Mean inference time in ms per sequence on T4 GPU

Mean inference time in ms per sequence on V100 GPU

Inference time scales up roughly linearly with sequence length for larger batches but not for individual samples. This means that if your data is made of long sequences of text (news articles for example) then you won’t get as big speedup by batching. As always this depends on your hardware, a V100 is faster than a T4 and won’t suffer as much when predicting long sequences whereas on the other hand our CPU does get completely overwhelmed:

Mean inference time in ms per sequence on CPU

If your data is heterogeneous length-wise and you work with batches these discrepancies will cause problem due to the necessity to pad your samples to the longest one in your batch, which adds a lot of computation. Therefore it is usually better to batch samples of similar length together as it is most likely quicker to predict multiple batches of similar length than one big batch that will be mostly padding tokens.

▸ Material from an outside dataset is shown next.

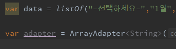 스피너 사용시 listOf 를 이용하여 만든 데이터를 스피너와 연결하기 위해서는 ArrayAdapter 클래스를 이용하여 별도의 변수를 지정하여 저장 해야한다.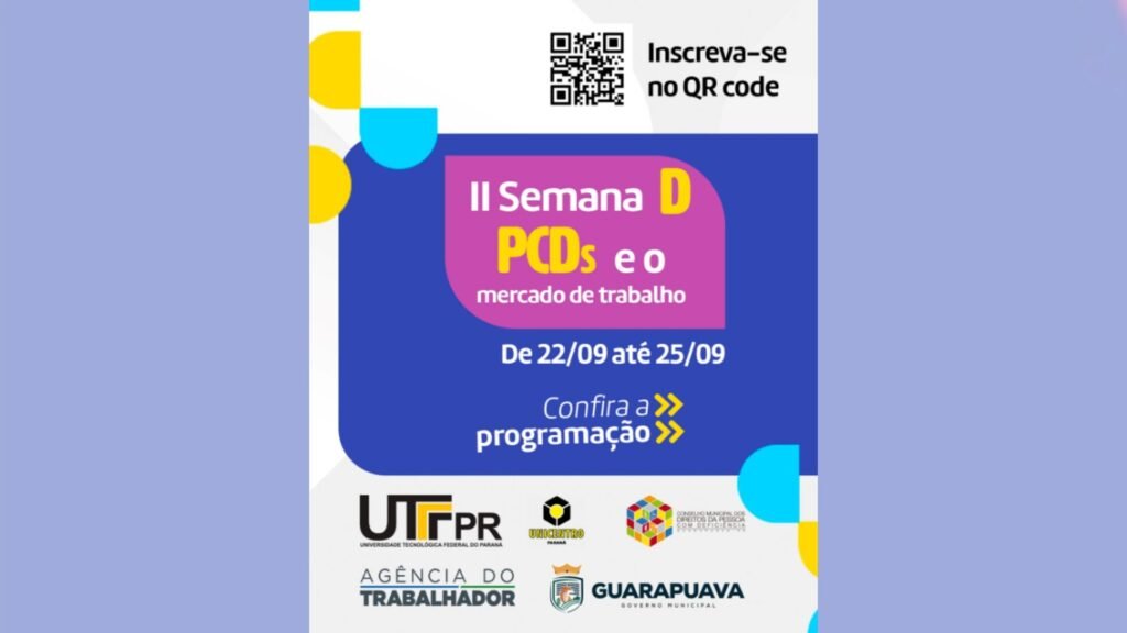 Guarapuava vai sediar, entre os dias 22 e 24 de setembro, a II Semana D – PCDs e o Mercado de Trabalho, iniciativa que integra o Plano Municipal dos Direitos da Pessoa com Deficiência (2024-2027) e que também está vinculada às atividades de extensão e curricularização do curso de Administração da Unicentro – Câmpus Santa Cruz.

As a quick check let’s look what happens when we sort our dataset prior to running inference:

Mean inference time in ms per sequence

As we expected for larger batch sizes there is a significant incentive to group samples of similar length. For unsorted data, as batches get larger there is an increasing probability to end up with some longer samples that will significantly increase the inference time of the whole batch, we can see that going from 16 to 64 batch_size slow down inference by 20% while it gets 10% faster with sorted data.

This strategy can also be used to significantly reduce your training time, however this should be done with caution since it may negatively impact the performance of your model, especially if there is some correlation between your labels and the length of your samples.

Next steps

While these experiments have been run directly in Python, both Torchscript and ONNX models can be loaded directly in C++, this could provide an additional boost in inference speed.

If your model is still too slow for your use-case, Pytorch does provide different options for quantization . ‘dynamic quantization’ can be done post-training but it will most likely have an impact on the accuracy of your model, while ‘quantization aware training’ requires retraining but it should have less impact on your model performance.

Conclusion

As we have seen there is no straightforward answer for optimizing your inference time since it depends mostly on your specific hardware and the problem you are trying to solve. Consequently you should perform your experiments with your own target hardware and data to obtain reliable results.

Nonetheless there are some guidelines that should hold true and are easy to implement:

  • Predicting on batches can provide significant speedup up to a certain size (depending on your specific hardware), especially if you can batch samples of similar length together
  • Using Torchscript or ONNX does provide significant speedup for lower batch size and sequence length, the effect is particularly strong when running inference on individual samples.
  • ONNX seems to be the best performing of the three configuration we have tested, though it is also the most difficult to install for inference on GPU
  • Torchscript does provide reliable speedup for smaller batch sizes and is very easy to setup.